• TASK INPUTS
• • • • •

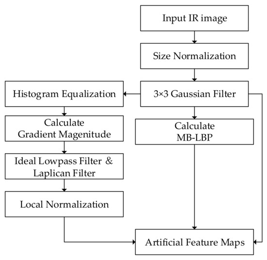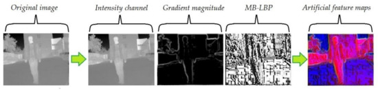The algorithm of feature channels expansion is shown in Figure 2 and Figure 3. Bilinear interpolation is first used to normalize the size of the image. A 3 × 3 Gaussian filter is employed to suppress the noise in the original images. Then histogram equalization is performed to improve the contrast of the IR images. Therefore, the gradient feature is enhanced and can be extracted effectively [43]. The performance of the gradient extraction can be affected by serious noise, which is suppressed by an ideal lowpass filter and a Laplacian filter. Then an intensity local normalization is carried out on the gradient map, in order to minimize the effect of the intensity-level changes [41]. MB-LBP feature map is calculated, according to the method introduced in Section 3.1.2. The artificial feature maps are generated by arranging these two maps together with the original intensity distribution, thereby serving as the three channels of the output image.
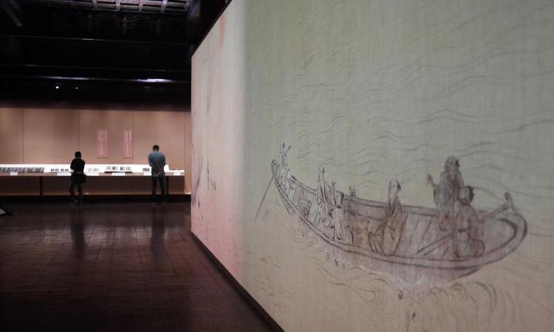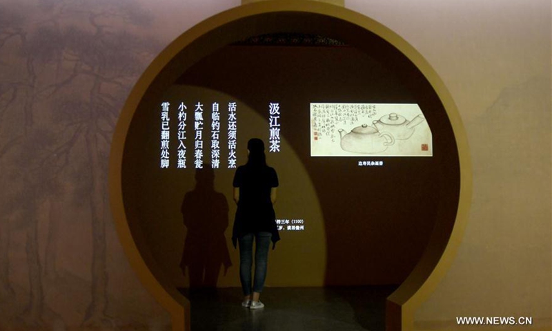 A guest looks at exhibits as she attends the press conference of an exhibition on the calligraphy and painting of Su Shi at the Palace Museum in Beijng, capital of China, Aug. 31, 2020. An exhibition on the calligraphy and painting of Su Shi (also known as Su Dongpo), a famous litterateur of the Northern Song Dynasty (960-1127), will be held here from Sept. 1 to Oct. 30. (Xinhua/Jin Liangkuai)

• • • • •

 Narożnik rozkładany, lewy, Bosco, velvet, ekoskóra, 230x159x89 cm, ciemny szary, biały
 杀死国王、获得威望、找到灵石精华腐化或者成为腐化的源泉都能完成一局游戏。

• • • • •

• ABOUT THIS EXERCISE
Excerpt from the records above: set down only the lines from the one that contains "The algorithm of" through the one that contains "A guest looks", inclusive, word for word. Pictures stay out.

• REPLY TO THE EXERCISE
The algorithm of feature channels expansion is shown in Figure 2 and Figure 3. Bilinear interpolation is first used to normalize the size of the image. A 3 × 3 Gaussian filter is employed to suppress the noise in the original images. Then histogram equalization is performed to improve the contrast of the IR images. Therefore, the gradient feature is enhanced and can be extracted effectively [43]. The performance of the gradient extraction can be affected by serious noise, which is suppressed by an ideal lowpass filter and a Laplacian filter. Then an intensity local normalization is carried out on the gradient map, in order to minimize the effect of the intensity-level changes [41]. MB-LBP feature map is calculated, according to the method introduced in Section 3.1.2. The artificial feature maps are generated by arranging these two maps together with the original intensity distribution, thereby serving as the three channels of the output image.
 A guest looks at exhibits as she attends the press conference of an exhibition on the calligraphy and painting of Su Shi at the Palace Museum in Beijng, capital of China, Aug. 31, 2020. An exhibition on the calligraphy and painting of Su Shi (also known as Su Dongpo), a famous litterateur of the Northern Song Dynasty (960-1127), will be held here from Sept. 1 to Oct. 30. (Xinhua/Jin Liangkuai)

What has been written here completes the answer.